The Experience of Workers in the United States with Democracy and the Free Market during the Nineteenth Century
By David Montgomery
Publisher: Cambridge University Press
Print Publication Year: 1994
Online Publication Date:November 2009
Chapter DOI: http://dx.doi.org/10.1017/CBO9780511528767.001
Workers in every industrializing country of the nineteenth century fought for civil and political rights within the national polity. In autocracies, where any popular mobilization could be regarded by the authorities as subversive, even strikes over economic issues frequently activated demands by workers for freedom of speech and association and for access to the decision-making power of government. Although social democratic parties proclaimed collective ownership of the means of production as their ultimate objective, and anarchists held all forms of government and all patriotism in contempt, the greatest mass mobilizations and general strikes of European workers before 1914 demanded political rights: the vote, civil liberties, and the end of autocracy.
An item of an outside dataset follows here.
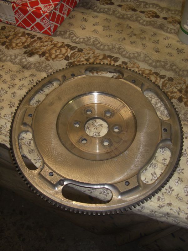 Wie zu sehen hatte das Schwungrad vor der Bearbeitung 7,3kg. Nach dem Erleichtern sind wir bei 3,6kg gelandet.

Where male workers could and did influence government by casting their ballots and were also free to form unions, as was the case during the last two decades of the century in France and the United States, they denounced the frequent intervention of soldiers in disputes between laborers and their employers as flagrant violations of that equality of rights on which republics were supposedly founded.
“In the end, it is the political context as much as the steam-engine, which had most influence upon the shaping consciousness and institutions of the working class,” wrote E. P. Thompson.